The most encouraging and glorious feature of revolutions is that they purify the atmosphere from the thick, poisonous vapors of prejudices and superstition.

From time immemorial revolutions have been the only hope and refuge of all the oppressed from national and social yokes. The radical nationalistic elements seem to have forgotten that all their enthusiasm, their faith and hope in the power of a great social change, now falters before the question: Will it give us our own territory where we can surround ourselves with walls and watch-towers? Yes, the very people, who once spoke with a divine fire of the beauty of the solidarity of all individuals and all peoples, now indulge in the shallow phrases that the Jew is powerless, that he is nowhere at home, and that he owns no place on earth, where he can do justice to his nature, and that he must first obtain national rights, like all nations, ere he can go further.

These lamentations contain more fiction than truth, more sentimentality than logic.

The Poles have their own territory; still this fact does not hinder Russia from brutalizing Poland or from flogging and killing her children; neither does it hinder the Prussian government from maltreating her Polish subjects and forcibly obliterating the Polish language.

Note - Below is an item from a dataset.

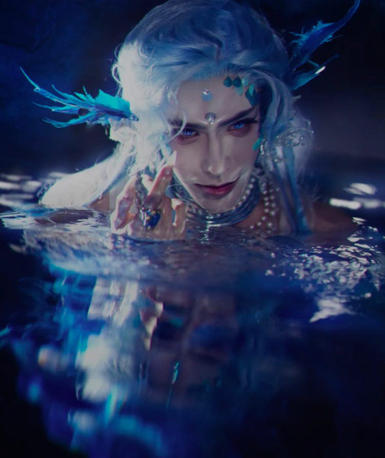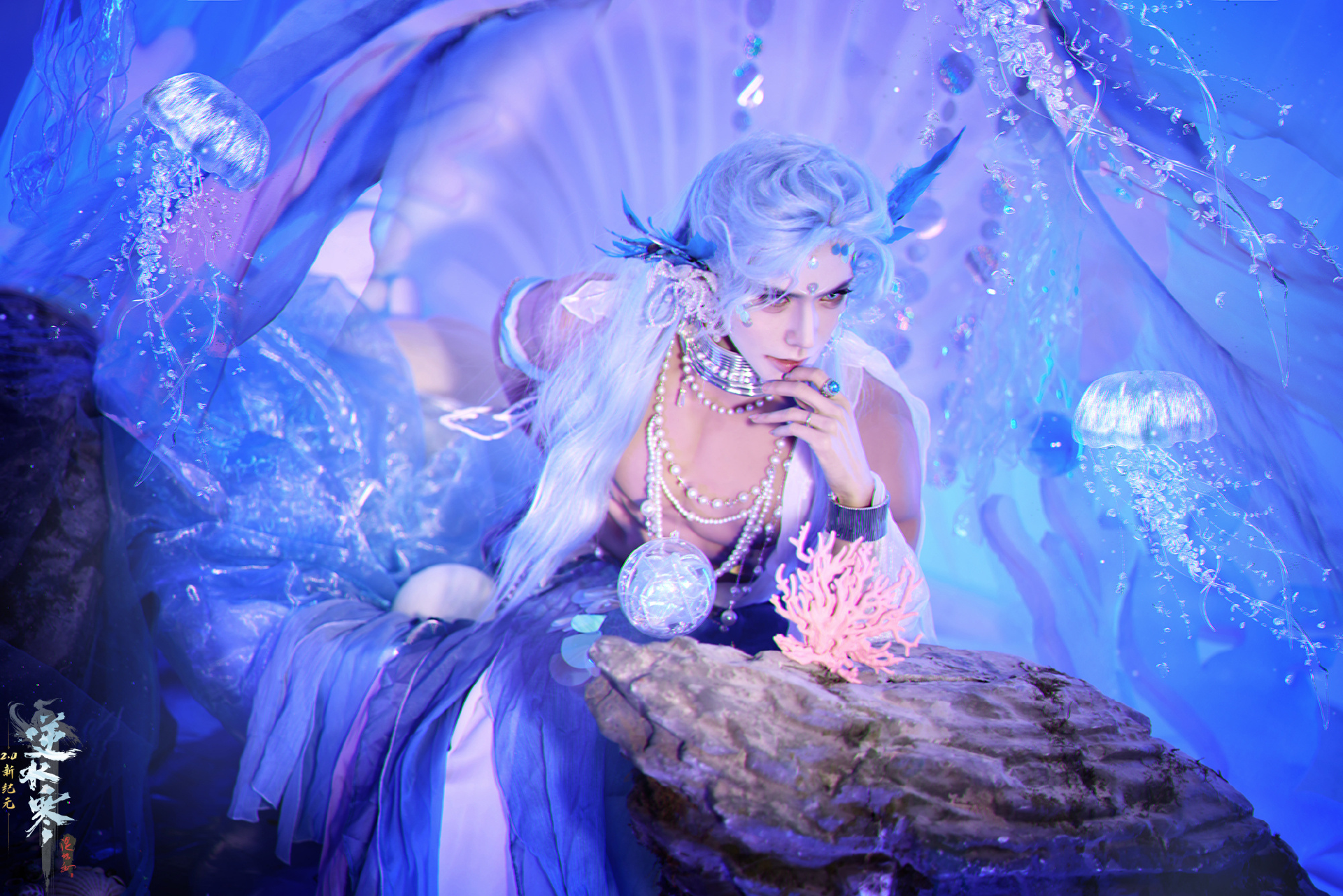 因为《逆水寒》在2.0新纪元赛季服上线了海底世界,带来新流派潮光以及美人鱼系列,所以他们穿着逆水寒时装【灵珠饮月/灵珠海羽】,就是想表达对于新流派潮光的喜爱。

And of what avail is native territory to the small nations of the Balkans, with Russian, Turkish and Austrian influences keeping them in a helpless and dependent condition. Various raids and expeditions by the powerful neighboring states forced on them, have proven what little protection their territorial independence has given them against brutal coercion. The independent existence of small peoples has ever served powerful states as a pretext for venomous attacks, pillage and attempts at annexation. Nothing is left them but to bow before the superior powers, or to be ever prepared for bitter wars that might, in a measure, temporarily loosen the tyrannical hold, but never end in a complete overthrow of the powerful enemy.

Switzerland is often cited as an example of a united nation which is able to maintain itself in peace and neutrality. It might be advisable to consider what circumstances have made this possible.

It is an indisputable fact that Switzerland acts as the executive agent of European powers, who consider her a foreign detective bureau which watches over, annoys and persecutes refugees and the dissatisfied elements.

Italian, Russian and German spies look upon Switzerland as a hunting ground, and the Swiss police are never so happy, as when they can render constable service to the governments of surrounding states. It is nothing unusual for the Swiss police to carry out the order of Germany or Italy to arrest political refugees and forcibly take them across the frontier, where they are given over into the hands of the German or Italian gendarmes. A very enticing national independence, is it not?

Is it possible that former revolutionists and enthusiastic fighters for freedom, who are now in the nationalistic field, should long for similar conditions? Those who refuse to be carried away by nationalistic phrases and who would rather follow the broad path of Internationalism, are accused of indifference to and lack of sympathy with the sufferings of the Jewish race. Rather is it far more likely that those who stand for the establishment of a Jewish nation show a serious lack of judgment.